Concatenate Device.mac with deployKey.
calculate sha256 hash of the concatenated string.
extract the last 8 chars of the string.
Store the bcrypted version of these chars in Device.secret.

The following steps are required:

Add secret to Device mongoose model.
Construct and store Device.secret in createDevice. (Maybe do this in a mongoose save-hook?)
Verify Device.secret in loginDevice.
Owner and Managers should be able to retrieve a Device's secret.
Admins should be able to retrieve all Device´s secrets.

Firmware feature

The firmware of Devices should be stored in the API such that Devices can pull new upgrades as they arrive, and in that way upgrade themselves automatically. To accomplish this, the following features are needed:

Need a mongoose model for Firmwares.
upload new Firmwares.
query for the current Firmware belonging to a Device.
check whether or not a Device has the latest Firmware installed.
a Device should be able to download latest Firmware.
a Device should be able to subscribe to new Firmwares, such that it gets a notification when new Firmwares are released.

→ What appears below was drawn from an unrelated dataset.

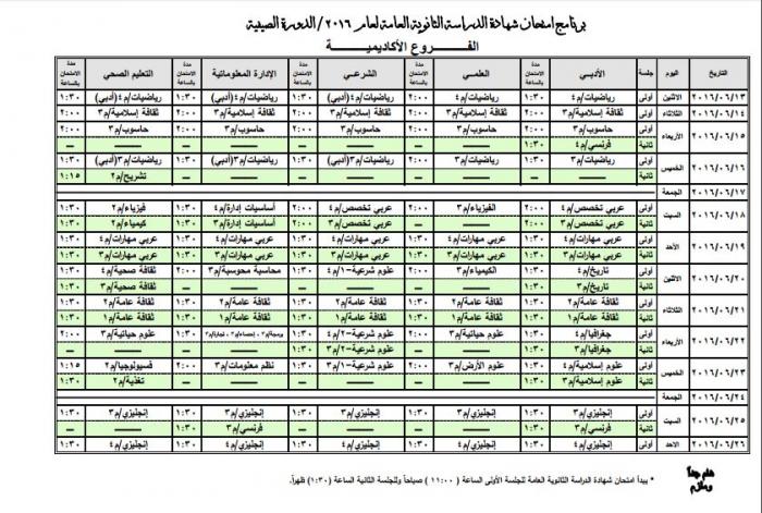 واضاف أنّ برنامج امتحان شهادة الدراسة الثانوية العامة، سيبدأ في الثالث عشر من 13/6/2016 وينتهي في 26/6/2016، مشيراَ إلى أن الجلسة الأولى من الامتحان ستبدأ الساعة الحادية عشرة صباحاً، والجلسة الثانية تبدأ في تمام الساعة الواحدة والنصف ظهراً.

Remove all unnecessary mongoose populates

In DataLoaders, foreign fields are always populated. This was done in order to avoid errors with ObjectIDs using the Buffer format, which caused problems in GraphQL default type resolvers. However, having these populates causes a lot of unnecessary queries and thus slows down the application. This issue should therefore be addressed. One solution might be to convert ObjectIDs toString('hex').

Preview temperature and humidity in sensor button

Instead of just showing a graph icon on the sensor button, it would be more convenient to display the last measured temperature and humidity. It should be something like this:

------------------------
|                       |
| <temp-icon>: 23*C.    |
|                       |
| <humid-icon>: 38%.    |
|                       |
------------------------

Also, the icons should be either pale red, orange or green depending on whether the values are good or not.